Antibodies are also part of the anticancer therapeutic armamentarium, and there is strong evidence that macrophages and Fcγ receptors are key to their antitumor activity, such as for the effects of the CD20-specific monoclonal antibody rituximab. Treatment of a xenograft lymphoma model with rituximab resulted in leukocyte recruitment mediated by the chemokines CCL3 and CCL4 and tumor eradication11. However, combined treatment with a CCL3 antagonist and rituximab compromised the antitumor activity of rituximab, and an absence of CCL3 signaling led to macrophage depletion, suggesting that macrophages mediate the antitumor effects of this antibody, as also indicated by clodronate-mediated macrophage depletion11. Interestingly, rituximab elicits an M2-like phenotype in macrophages, leading to the increased phagocytosis of mouse lymphoma cells12. However, in people with lymphoma, the combination of rituximab with high-dose chemotherapy and autograft with peripheral blood progenitor cells was associated with an increased frequency of solid tumors in a large 20-year retrospective follow-up study13. Thus, the interplay between macrophages and B cells is complex, and, depending on the context, it can result in promotion of carcinogenesis5 or antitumor activity11.

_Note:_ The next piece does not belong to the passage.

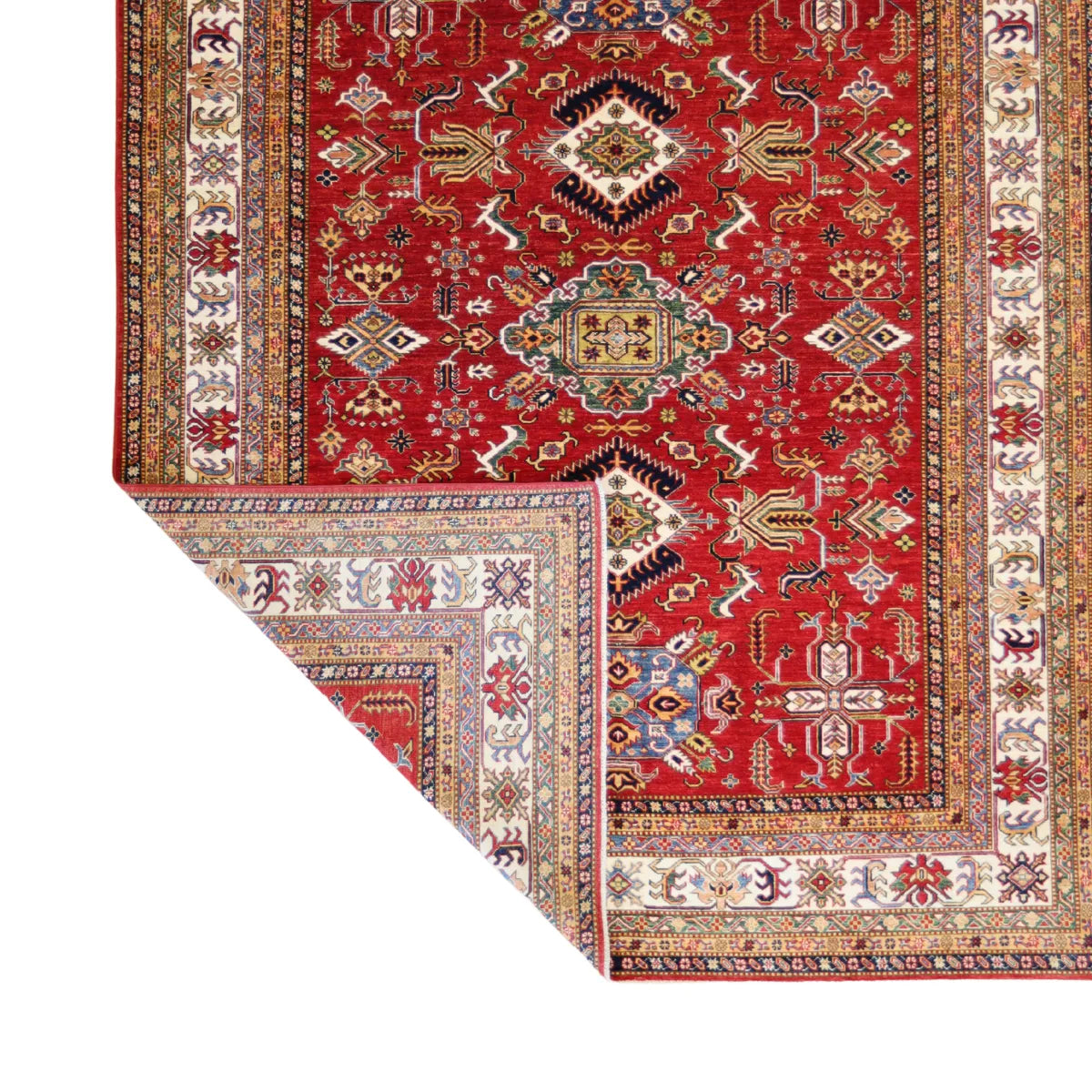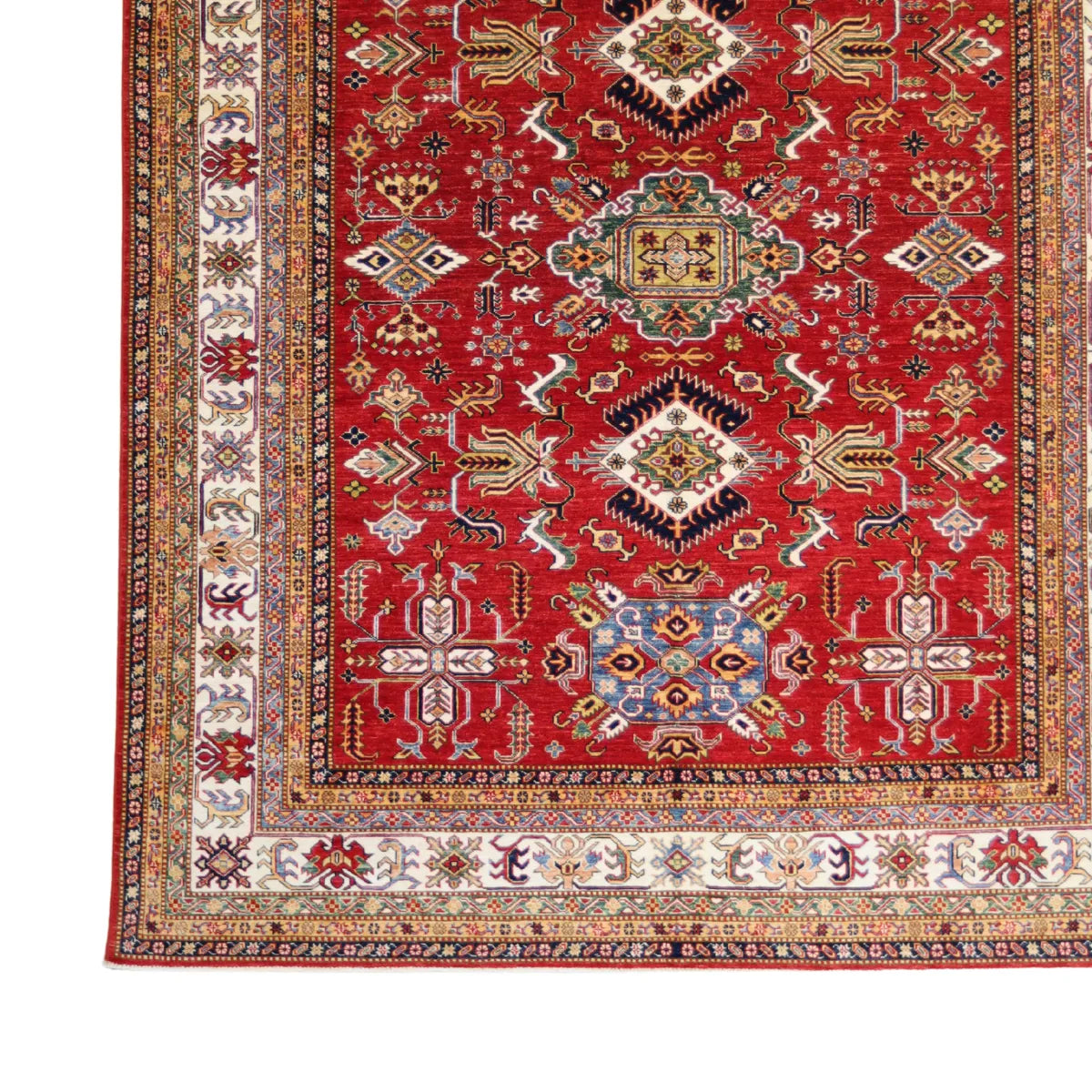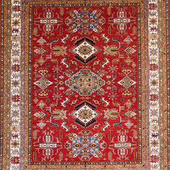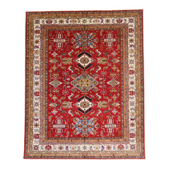 Add a Bold Touch with GEOMETRIC Style. This stunning KAZAK rug, crafted in a striking geometric design, brings a modern and bold look to your home. The clean, sharp lines and symmetrical patterns on the RED base create a dynamic visual effect, making this rug a perfect statement piece. A contrasting BEIGE border adds a touch of sophistication, enhancing the overall design. Whether placed in your living room, office, or any open space, the geometric pattern brings structure and energy to your decor. Sourced from PAKISTAN, this handmade rug is a lasting investment in craftsmanship and style. Measuring 8' 1" x 10' 1", it elevates your space while standing the test of time.

The results reported in these studies raise issues related to the diversity of the cancer-related inflammatory response and the design of therapeutic strategies to target this response. In different tissues and tumors, the pathways that orchestrate cancer-related inflammation can differ considerably, with a pivotal role of B cells and antibodies in squamous carcinogenesis5, 8. Strategies targeting B cells and IL-1 are currently in clinical use and may provide information relevant for defining the diversity of cancer-related inflammatory responses in humans, as well as innovative therapeutic strategies14. Myelomonocytic cells come in various types in different tumor contexts2, 3, but mononuclear phagocytes emerge as an essential common constituent of cancer-related inflammation. The identification of the various cellular and molecular pathways that participate in inflammation in different human cancers will be required to translate a better understanding of cancer-related inflammation to the bedside.